Records provided:

⁂

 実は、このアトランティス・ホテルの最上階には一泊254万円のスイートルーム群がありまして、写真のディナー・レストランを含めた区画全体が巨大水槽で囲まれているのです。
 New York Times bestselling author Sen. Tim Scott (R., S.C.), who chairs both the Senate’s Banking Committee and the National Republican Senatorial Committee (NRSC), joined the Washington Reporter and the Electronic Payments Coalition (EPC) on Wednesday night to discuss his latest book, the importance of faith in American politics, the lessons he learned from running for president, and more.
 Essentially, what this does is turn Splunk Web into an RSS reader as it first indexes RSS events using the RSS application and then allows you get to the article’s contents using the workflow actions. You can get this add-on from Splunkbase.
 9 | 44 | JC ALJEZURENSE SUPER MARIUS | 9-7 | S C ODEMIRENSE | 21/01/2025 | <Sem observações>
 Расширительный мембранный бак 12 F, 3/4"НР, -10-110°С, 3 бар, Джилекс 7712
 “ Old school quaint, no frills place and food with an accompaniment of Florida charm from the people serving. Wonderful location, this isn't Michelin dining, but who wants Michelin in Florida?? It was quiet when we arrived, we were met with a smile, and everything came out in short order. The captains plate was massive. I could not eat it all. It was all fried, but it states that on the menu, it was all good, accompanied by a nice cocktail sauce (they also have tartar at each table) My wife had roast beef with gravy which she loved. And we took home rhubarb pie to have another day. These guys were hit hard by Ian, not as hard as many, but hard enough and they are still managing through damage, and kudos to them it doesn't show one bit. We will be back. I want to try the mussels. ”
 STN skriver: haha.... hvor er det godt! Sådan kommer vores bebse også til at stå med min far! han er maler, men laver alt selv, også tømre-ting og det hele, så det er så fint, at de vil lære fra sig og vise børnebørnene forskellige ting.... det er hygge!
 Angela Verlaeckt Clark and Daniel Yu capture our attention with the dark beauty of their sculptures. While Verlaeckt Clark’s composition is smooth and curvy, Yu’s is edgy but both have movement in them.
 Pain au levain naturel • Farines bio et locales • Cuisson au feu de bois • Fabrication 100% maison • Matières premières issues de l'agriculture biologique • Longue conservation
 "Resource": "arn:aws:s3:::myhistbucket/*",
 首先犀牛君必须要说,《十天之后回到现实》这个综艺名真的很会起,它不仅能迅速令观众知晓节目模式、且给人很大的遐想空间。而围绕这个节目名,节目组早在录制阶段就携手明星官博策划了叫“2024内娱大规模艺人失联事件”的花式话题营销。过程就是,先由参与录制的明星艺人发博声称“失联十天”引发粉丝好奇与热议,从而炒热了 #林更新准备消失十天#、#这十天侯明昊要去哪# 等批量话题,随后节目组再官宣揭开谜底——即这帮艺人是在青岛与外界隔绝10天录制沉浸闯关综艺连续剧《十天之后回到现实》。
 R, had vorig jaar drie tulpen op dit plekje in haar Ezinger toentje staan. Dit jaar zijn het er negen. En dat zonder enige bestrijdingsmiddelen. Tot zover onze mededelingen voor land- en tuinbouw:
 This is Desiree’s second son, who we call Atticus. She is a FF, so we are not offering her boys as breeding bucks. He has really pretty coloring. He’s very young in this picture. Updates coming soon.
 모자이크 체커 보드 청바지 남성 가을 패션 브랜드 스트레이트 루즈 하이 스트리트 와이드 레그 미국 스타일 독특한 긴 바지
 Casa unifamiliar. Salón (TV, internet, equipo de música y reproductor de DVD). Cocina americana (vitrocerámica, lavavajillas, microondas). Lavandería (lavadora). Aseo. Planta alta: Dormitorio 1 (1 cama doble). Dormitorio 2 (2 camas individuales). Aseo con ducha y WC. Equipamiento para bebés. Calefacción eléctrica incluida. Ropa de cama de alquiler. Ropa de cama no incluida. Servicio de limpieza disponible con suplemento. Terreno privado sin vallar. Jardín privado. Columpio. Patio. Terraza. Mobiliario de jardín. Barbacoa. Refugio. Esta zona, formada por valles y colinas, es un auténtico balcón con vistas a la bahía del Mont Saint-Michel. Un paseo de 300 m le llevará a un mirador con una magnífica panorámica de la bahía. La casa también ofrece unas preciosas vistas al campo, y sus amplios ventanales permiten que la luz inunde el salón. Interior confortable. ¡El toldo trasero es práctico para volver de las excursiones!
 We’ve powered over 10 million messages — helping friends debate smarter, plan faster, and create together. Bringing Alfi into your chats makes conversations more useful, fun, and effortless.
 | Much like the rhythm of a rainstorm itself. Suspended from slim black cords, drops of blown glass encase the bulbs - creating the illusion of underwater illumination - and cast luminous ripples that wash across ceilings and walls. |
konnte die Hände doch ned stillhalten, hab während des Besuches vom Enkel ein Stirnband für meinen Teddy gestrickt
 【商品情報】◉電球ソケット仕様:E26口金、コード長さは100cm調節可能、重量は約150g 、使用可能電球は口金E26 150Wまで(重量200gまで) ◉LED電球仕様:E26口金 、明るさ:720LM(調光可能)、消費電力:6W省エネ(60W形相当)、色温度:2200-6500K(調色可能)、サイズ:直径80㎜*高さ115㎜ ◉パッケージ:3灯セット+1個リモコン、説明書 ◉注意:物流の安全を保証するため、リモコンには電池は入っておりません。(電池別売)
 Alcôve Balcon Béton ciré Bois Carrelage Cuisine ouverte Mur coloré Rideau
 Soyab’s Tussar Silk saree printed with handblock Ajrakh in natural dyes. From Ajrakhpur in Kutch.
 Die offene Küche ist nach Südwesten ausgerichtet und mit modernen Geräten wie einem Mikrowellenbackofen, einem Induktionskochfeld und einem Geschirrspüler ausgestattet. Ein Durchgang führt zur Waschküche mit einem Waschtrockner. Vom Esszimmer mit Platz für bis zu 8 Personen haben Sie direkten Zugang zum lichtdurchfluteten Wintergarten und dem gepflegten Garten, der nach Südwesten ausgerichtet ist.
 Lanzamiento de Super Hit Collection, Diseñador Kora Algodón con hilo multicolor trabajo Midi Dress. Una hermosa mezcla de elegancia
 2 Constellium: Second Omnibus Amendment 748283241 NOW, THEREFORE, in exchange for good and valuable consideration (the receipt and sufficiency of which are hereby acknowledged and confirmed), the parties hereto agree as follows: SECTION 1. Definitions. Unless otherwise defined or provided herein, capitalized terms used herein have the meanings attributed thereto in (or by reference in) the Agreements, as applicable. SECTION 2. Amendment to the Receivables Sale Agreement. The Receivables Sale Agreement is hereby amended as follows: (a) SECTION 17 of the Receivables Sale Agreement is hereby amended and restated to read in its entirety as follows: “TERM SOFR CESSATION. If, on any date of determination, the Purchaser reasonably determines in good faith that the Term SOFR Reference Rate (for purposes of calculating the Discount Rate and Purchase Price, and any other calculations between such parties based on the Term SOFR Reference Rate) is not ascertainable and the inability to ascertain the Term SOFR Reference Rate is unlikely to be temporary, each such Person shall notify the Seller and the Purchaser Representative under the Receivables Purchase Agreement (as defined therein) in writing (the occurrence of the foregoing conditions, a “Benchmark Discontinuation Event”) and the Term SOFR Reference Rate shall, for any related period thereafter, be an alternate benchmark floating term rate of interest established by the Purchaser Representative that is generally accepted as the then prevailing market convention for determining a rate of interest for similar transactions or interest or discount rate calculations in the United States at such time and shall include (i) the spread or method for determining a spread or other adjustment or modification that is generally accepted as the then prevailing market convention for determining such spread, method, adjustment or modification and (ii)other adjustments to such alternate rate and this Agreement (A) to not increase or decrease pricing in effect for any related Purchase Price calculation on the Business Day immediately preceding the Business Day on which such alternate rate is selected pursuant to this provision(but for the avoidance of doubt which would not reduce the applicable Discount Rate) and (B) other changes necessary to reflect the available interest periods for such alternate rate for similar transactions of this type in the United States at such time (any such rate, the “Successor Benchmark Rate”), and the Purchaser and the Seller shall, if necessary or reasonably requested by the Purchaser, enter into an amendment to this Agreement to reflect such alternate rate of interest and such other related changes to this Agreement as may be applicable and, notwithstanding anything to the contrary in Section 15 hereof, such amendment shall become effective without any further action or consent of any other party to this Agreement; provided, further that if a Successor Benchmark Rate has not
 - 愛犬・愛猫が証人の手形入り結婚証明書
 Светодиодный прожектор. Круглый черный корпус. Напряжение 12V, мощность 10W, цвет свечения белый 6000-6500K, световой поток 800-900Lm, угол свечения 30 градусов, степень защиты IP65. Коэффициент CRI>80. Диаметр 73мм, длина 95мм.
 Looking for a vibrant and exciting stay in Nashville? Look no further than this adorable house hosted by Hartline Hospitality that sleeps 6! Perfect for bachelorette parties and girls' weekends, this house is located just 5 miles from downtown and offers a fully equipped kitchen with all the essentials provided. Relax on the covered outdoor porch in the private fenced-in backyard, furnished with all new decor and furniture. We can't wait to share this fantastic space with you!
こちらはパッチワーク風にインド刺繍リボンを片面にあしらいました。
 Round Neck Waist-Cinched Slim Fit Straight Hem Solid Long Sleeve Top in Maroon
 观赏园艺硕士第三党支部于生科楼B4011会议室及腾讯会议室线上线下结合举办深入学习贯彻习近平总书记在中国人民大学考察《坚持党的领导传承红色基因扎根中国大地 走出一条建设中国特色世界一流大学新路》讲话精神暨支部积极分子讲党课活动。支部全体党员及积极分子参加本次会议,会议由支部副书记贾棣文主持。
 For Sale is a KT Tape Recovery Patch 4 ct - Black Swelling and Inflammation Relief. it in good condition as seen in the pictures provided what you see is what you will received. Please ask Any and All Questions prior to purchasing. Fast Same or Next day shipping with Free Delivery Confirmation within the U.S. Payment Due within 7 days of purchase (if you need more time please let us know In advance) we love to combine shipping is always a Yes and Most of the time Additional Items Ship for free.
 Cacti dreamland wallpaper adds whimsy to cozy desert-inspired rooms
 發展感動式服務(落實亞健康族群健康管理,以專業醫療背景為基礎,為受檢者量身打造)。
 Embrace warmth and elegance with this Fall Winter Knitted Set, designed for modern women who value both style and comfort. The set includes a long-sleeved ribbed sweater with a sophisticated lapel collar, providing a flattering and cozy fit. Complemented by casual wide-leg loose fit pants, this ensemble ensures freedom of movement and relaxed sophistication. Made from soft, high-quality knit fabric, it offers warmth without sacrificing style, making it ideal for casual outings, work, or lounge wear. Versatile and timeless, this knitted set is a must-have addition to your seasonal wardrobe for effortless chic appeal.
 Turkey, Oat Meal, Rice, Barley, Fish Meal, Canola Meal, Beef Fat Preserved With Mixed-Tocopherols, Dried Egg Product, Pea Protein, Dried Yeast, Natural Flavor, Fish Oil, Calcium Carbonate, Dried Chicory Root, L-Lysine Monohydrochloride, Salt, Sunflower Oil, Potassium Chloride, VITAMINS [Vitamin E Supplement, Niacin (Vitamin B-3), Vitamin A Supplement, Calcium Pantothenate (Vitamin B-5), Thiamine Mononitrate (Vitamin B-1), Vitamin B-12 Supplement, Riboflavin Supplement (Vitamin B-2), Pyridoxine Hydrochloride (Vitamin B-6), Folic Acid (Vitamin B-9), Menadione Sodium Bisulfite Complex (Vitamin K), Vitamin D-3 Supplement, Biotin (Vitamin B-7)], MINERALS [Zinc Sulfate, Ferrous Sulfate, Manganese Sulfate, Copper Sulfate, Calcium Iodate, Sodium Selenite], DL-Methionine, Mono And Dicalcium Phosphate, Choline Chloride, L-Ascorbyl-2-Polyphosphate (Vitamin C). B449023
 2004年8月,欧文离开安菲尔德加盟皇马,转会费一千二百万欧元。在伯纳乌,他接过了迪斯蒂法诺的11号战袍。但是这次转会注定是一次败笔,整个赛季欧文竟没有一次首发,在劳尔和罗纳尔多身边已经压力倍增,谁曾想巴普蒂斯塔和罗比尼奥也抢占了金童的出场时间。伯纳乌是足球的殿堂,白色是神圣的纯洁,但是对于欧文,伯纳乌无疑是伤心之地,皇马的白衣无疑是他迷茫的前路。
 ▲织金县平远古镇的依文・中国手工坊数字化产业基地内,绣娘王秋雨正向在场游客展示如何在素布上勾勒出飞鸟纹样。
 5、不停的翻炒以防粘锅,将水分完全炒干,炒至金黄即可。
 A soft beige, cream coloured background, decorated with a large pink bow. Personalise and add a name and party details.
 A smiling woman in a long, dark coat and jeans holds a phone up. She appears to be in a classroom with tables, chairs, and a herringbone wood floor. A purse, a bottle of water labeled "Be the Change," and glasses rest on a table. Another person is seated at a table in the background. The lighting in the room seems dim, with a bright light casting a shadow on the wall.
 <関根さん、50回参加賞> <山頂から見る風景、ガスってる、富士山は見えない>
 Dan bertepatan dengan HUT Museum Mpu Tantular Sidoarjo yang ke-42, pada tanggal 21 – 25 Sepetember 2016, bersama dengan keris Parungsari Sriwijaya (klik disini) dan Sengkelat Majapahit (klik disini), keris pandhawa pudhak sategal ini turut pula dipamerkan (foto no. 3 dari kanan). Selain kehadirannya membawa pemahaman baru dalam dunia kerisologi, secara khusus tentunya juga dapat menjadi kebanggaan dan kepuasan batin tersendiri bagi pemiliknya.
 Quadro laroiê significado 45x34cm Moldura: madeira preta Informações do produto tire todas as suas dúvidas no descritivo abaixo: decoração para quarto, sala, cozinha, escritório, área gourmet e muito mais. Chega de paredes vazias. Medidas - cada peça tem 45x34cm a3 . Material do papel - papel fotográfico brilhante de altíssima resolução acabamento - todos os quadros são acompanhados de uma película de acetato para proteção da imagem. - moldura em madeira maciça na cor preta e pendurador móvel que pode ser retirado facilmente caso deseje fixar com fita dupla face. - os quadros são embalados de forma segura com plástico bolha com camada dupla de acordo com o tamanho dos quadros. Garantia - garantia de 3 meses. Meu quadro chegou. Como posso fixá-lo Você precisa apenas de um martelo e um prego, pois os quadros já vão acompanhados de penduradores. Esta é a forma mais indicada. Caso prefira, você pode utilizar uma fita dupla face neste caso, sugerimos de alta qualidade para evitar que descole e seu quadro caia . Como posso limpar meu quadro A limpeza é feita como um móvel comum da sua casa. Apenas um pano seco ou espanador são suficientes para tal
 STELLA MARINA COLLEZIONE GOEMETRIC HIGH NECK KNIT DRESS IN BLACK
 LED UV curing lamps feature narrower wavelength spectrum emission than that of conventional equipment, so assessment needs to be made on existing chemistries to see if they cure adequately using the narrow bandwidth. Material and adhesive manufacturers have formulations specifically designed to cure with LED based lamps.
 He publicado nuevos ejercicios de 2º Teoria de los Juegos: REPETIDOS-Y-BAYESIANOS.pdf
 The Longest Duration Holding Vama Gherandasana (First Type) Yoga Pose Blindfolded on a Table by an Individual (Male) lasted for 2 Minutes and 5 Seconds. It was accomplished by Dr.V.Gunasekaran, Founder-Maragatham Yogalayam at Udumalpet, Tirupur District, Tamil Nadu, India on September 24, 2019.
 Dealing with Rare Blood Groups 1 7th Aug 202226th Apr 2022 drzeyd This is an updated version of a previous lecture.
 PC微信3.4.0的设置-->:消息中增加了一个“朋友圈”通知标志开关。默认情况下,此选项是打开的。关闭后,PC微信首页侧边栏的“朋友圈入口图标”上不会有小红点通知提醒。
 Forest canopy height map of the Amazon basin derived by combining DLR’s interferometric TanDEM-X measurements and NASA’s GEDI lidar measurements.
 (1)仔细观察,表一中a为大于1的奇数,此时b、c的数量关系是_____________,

⁂

Write out exactly the lines from the beginning of the material above through the line with "New York Times", including both and omitting all others.

Task response:
 実は、このアトランティス・ホテルの最上階には一泊254万円のスイートルーム群がありまして、写真のディナー・レストランを含めた区画全体が巨大水槽で囲まれているのです。
 New York Times bestselling author Sen. Tim Scott (R., S.C.), who chairs both the Senate’s Banking Committee and the National Republican Senatorial Committee (NRSC), joined the Washington Reporter and the Electronic Payments Coalition (EPC) on Wednesday night to discuss his latest book, the importance of faith in American politics, the lessons he learned from running for president, and more.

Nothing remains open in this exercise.